# Mice in attic



## Blondesense (Sep 23, 2008)

sooz19 said:


> So the question is...how do you know if you have gotten them all?


You don't. You just need to keep diligent about checking any areas you have seen activity in the past. Even if you did get them all, this is the time of year more of their family will try to move in. 
We live in a rural area and this is an ongoing battle for us.


----------



## PAbugman (Jun 29, 2010)

Always keep some snap traps set with fresh bait to catch them as they get in, if they do continue getting in. Another option is to buy multi-catch live traps for mice-more user friendly and can be left go longer without checking, in the event that your attic is hard to get into. Look for the Tin-Cat brand-they make wind-up traps but I don’t like them-they also make a passive non-mechanical trap that employs a ramp and counter balance way of trapping. The mechanical ones break to easily.


----------



## sooz19 (Oct 17, 2011)

We definitely plan on keeping traps set year round now...and are checking them every other day or so (unless we think we hear something at night - which usually turns out to be rain or something outside). So far nothing new has been caught and there don't appear to be any new holes/entry points.

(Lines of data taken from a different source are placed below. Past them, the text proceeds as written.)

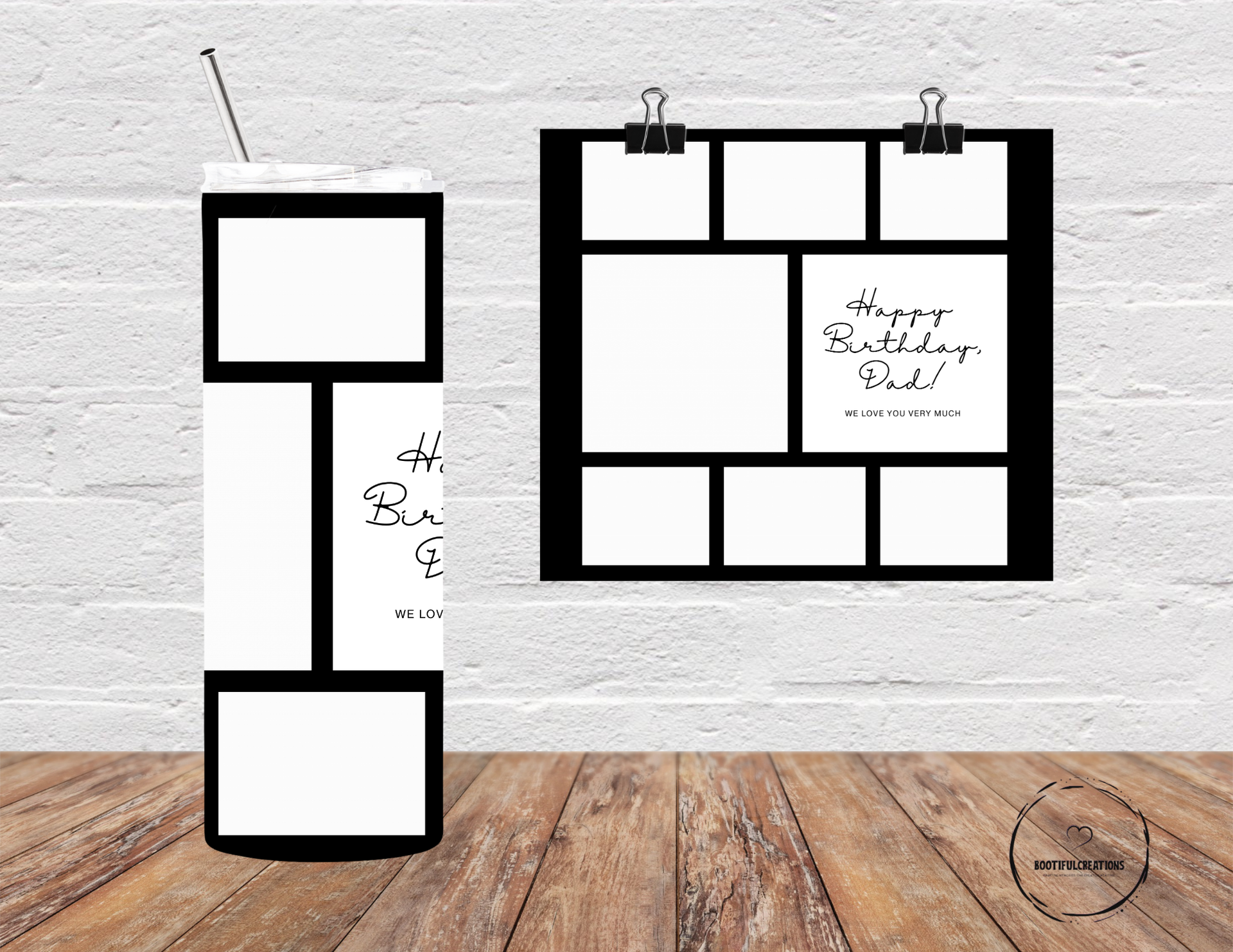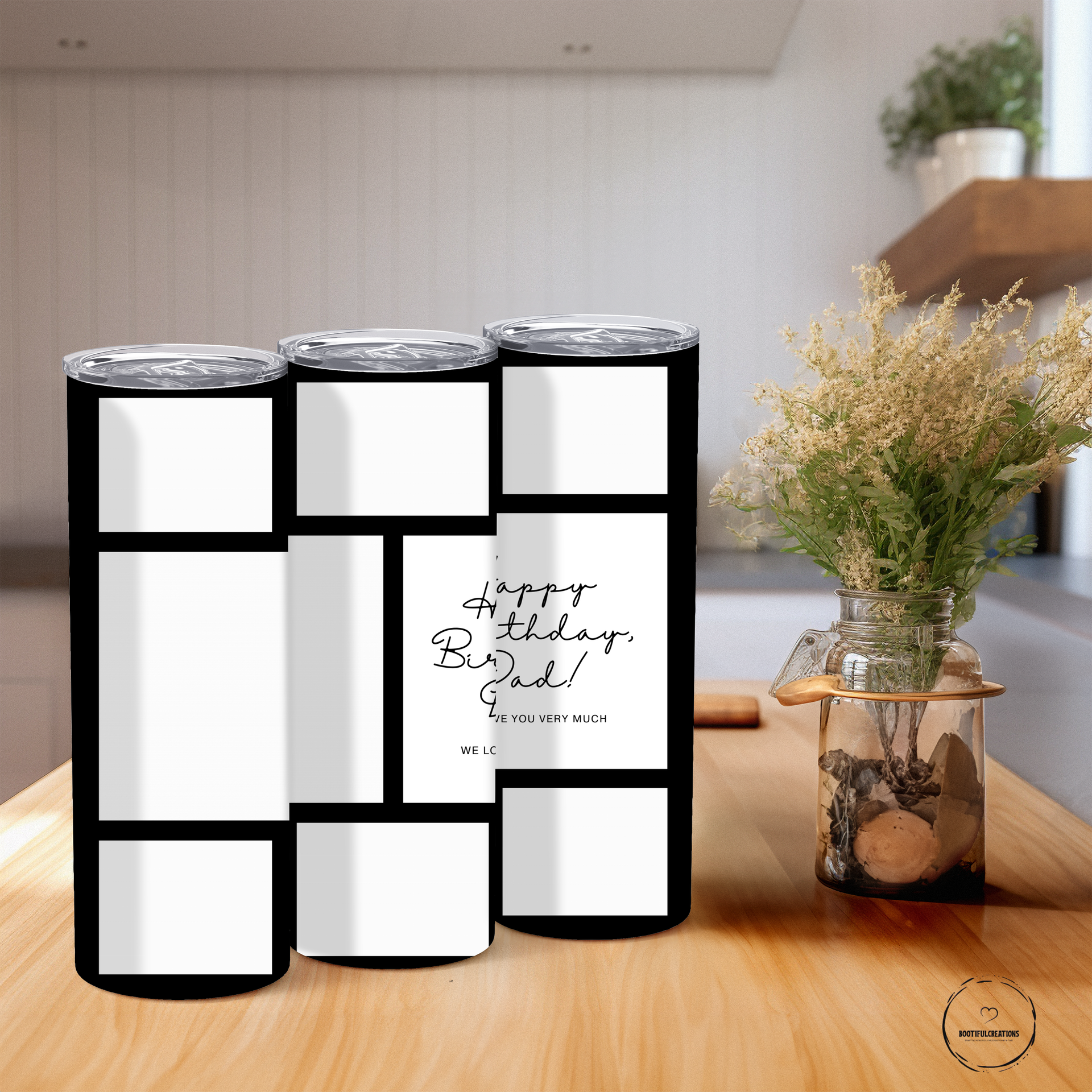 Surprise your dad with this sleek personalized tumbler featuring a "Happy Birthday, Dad!" message and space for 7 photos. Keep drinks hot for 6 hours and cold for 24 hours while showing your love in a modern black and white design. Make it even more special by adding his name.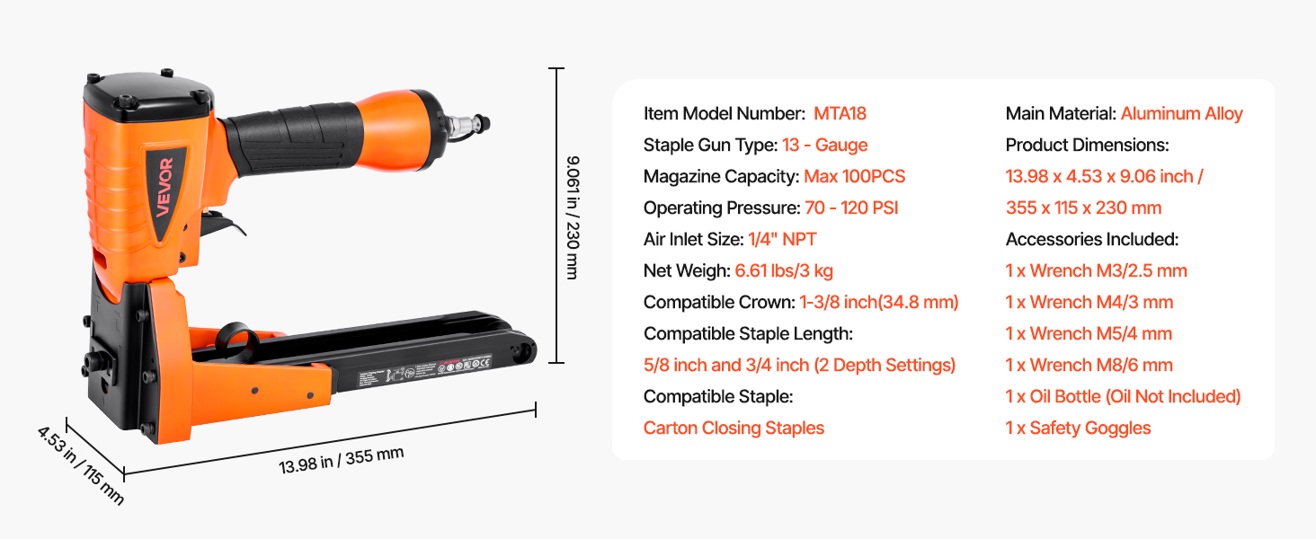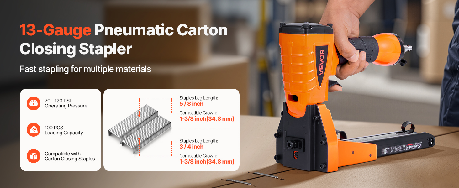 Táto 13-palcová pneumatická sponkovačka je kompatibilná so sponkami na uzatváranie kartónov s korunkou 1-3/8" (34,8 mm) a dĺžkami nožičiek 5/8" a 3/4" (16 mm a 19 mm). Obsahuje 2-úrovňové nastavenie hĺbky a veľkokapacitný zásobník, ktorý je ideálny na uzatváranie krabíc, zatváranie kartónov a balenie.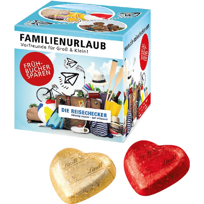 Lille gaveæske med eget logo som er fyldt med 5 stk. chokoladehjerter fra Lindt. Alle æskens sider trykkes med digitaltryk. En lille chokoladeæske fyldt med kærlighed og lækker mælkechokolade.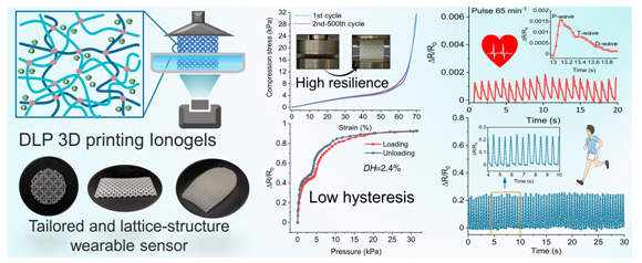 图:光固化3D打印高弹性的离子凝胶用于制备低迟滞柔性传感器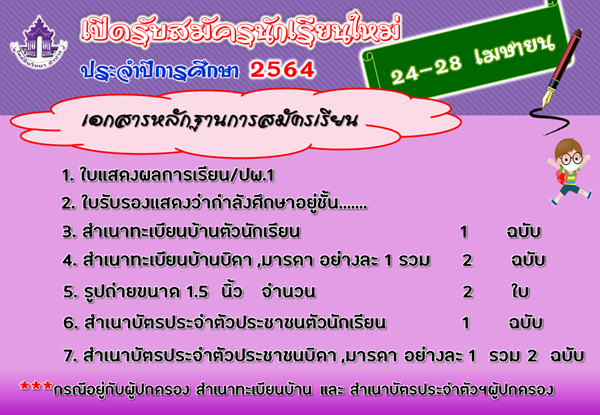 หลักฐานเอกสารการรับสมัครนักเรียนใหม่ ปีการศึกษา 2564

I just hate the thought that there could possibly be a few stubborn ones that are avoiding our traps and still hanging out up there.


----------



## liquidvw (Jun 8, 2009)

The 5 gallon bucket mouse trap works good. If you attic gets below freezing use RV anti freeze instead of water. 

http://www.youtube.com/watch?v=jezQKOl5q-w


----------



## autx790 (Aug 30, 2009)

you gotta eliminate the entry points. Even if you kill them all, more will come back. I had a bad rat problem when i moved into my house. I put up 1/4" hardware cloth all along the openings to my crawlspace and they were gone after that. I think i left it open durning the day for any to get out and then closed it by evening. I know they go out for food at night. I dont think rats like to scale buildings so if you seal up near the ground, trim back bushes, etc, you'll probably get rid of the problem. Squirrels do like to scale buildings and if there are openings up top, they could start coming in. I had that problem to fix after the rats. Tried the electronic noise box that the guy at HD assured me would work. It did nothing but freak them out and make them huddle in a ball in the corner.  Even though the entry hole was right next to them. I returned it.


----------



## sooz19 (Oct 17, 2011)

That was the first thing we did after finding out we had them in the house (seal everything up that is). We do checks every couple of days to make sure there are no new holes and everythign is still secure.

But almost another 10 days with seemingly no activity - traps are all still set and baited (peanut butter still there), no noises at night and no new droppings from what we can tell but this is a challenge to determine for sure in the attic as we are still cleaning out all the old insulation.


----------



## sooz19 (Oct 17, 2011)

Well, our exterminator came again on Friday...and proceeded to find one mouse in a sticky trap in the basement. So, he and my husband walked through the unfinished portion again and found a few more airways to plug to be on the safe side (which was done a few short hours later). From what he said though, he thinks that this most recent one was just that...one. He didn't see signs of any more. 

And we just finished sterlizing the attic...all the mouse urine and feces have been removed along with bags and bags of yucky insulation. So now it will be really easy to tell if there is any new activity up there or not.

Here's hoping that they have learned that they are not welcome at our house.


----------



## ChrisDIY (Feb 1, 2010)

Will be making a 5 gallon bucket trap tomorrow.


----------



## Snav (Aug 20, 2009)

Yeah- I'll do the 5-gall trap, too . . . I've just lived with them for years b/c my husband doesn't want to poison the mice (fearing the cat will eat them and fall ill) and glue-traps et al just don't work for *all* of them.


----------